Mlliyet Milliyet Blog Milliyet Blog
 
Facebook Connect
Blog Kategorileri
 
 

Türkiyeyi Etkileyen iç ve dış politika sorunları

http://blog.milliyet.com.tr/sakin02

09 Ekim '11

 
Kategori
Siyaset
 

Oradan, buradan

Oradan, buradan
 

Siyasetle uğraştıklarını söyleyenlerin, hergün ayni konuda başka şeyler söylemelerinden ve hepsine kendilerine göre ikna edici gerekçe bulmalarından öylesine sıkıldım ki, bugün doğrudan her hangi bir konuya değinmeyeceğim. Dedik ya oradan buradan.

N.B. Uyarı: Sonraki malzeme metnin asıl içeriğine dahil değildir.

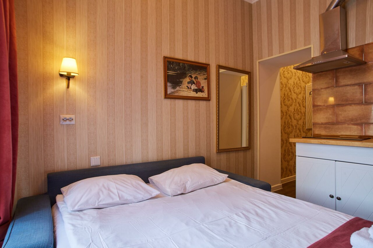 Небольшой двухместный номер с типом кровати диван-кровать. Все комнаты для некурящих, оснащены мини-кухней, сан. узлом с душем, феном и бесплатными косметическими принадлежностями.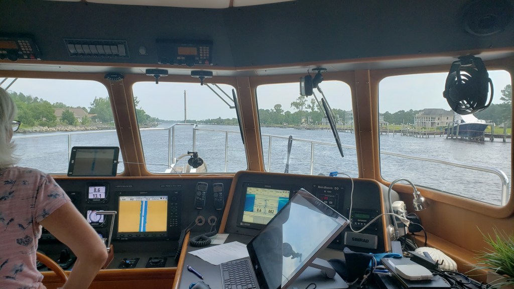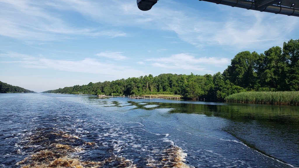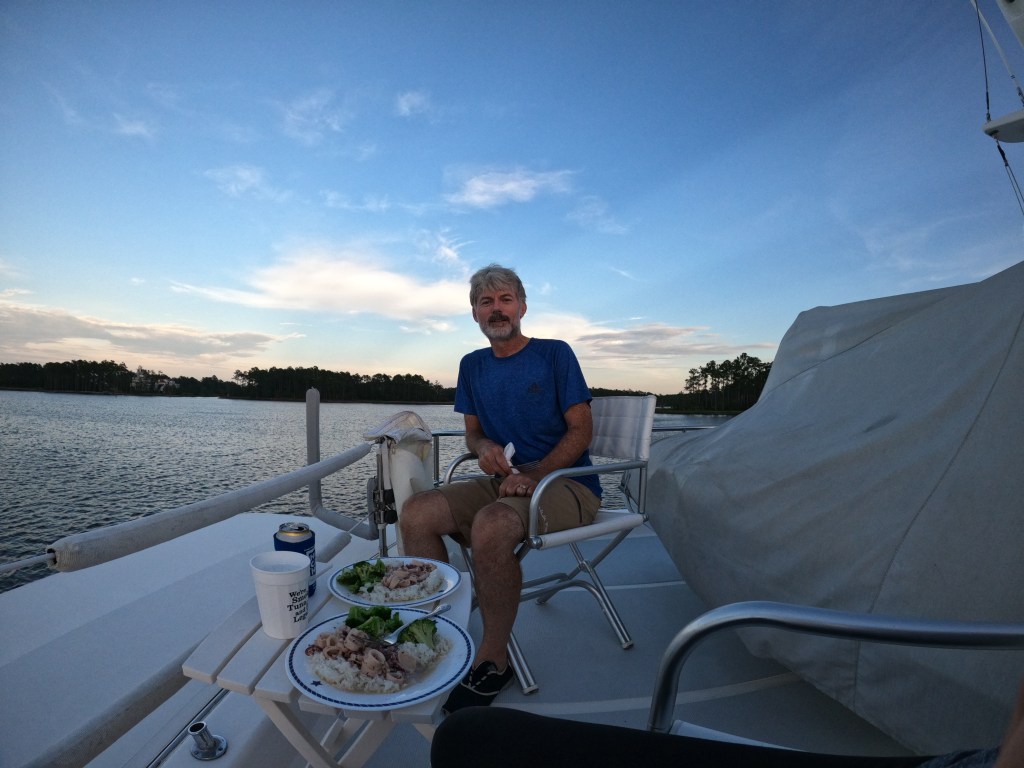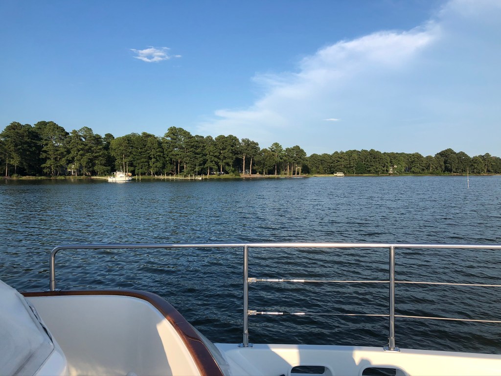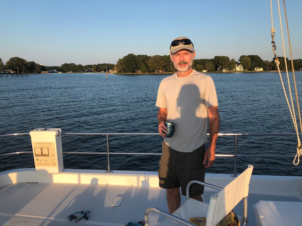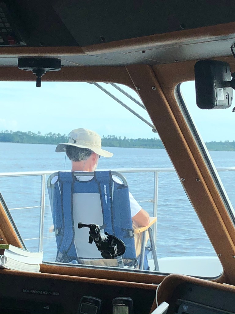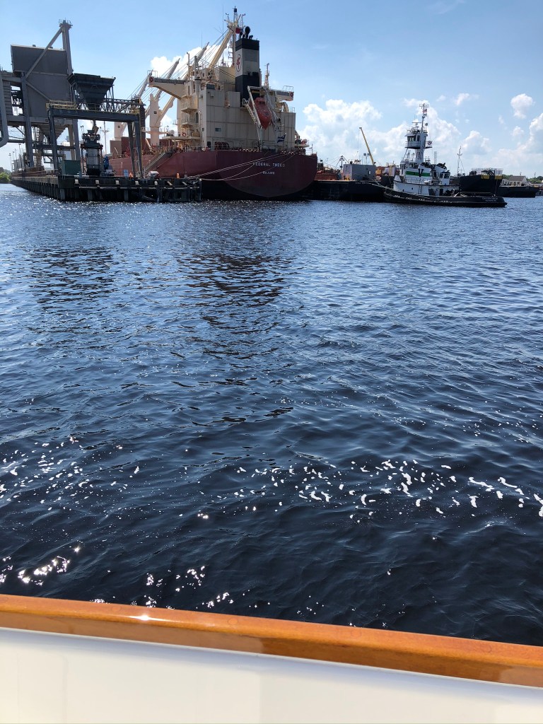 We entered the harbor to Solomons with Neil at the helm. It was a bit tricky as there are several marinas here and a confusing array of navigational buoys/day markers (i.e. when Kathleen contacted the Calvert Marina harbormaster to request directions to our slip, he asked where we were. She responded, “we just passed marker Red 4.” His response was, “Well there are a couple of Red 4’s, but ok). We got to where we needed to be, and were once more on a facing dock, this time between two other boats. Neil turned the boat 90 degrees, and moving astern basically parallel parked our 50 foot boat while Kathleen called out directions, closing distances and speed for him. Teamwork!

Başbakan Erdoğan annesini kaybetti. Aile büyüklerinin kaybı herzaman zordur ve yaş kaç olursa olsun erkendir. Başbakanın acısını anlıyorum, allah sabır versin.

Aileden herhangi birinin kaybıda zordur hele bu kayıp evlatsa, daha da zordur. Hergün, davulla zurnayla uğurladıkları evlatlarının şehit haberini alan anne ve babalar için durum pek mi kolaydır. Evet, görevdir, vatan hizmetidir, şehitte olunur, gazide. Ancak siyaset kurumunun asli görevi bu çatışmaları önlemek değil midir? En acıtanı ise demokrasi, kişisel özgürlükler ve benzeri ulvi kavramlar için tedbir alınmakta geçikilmesi değil midir? Evlatlarını bilmedikleri, hiç görmedikleri bir dağın başında şehit veren bütün anne ve babalara da sabırlar dilerim. 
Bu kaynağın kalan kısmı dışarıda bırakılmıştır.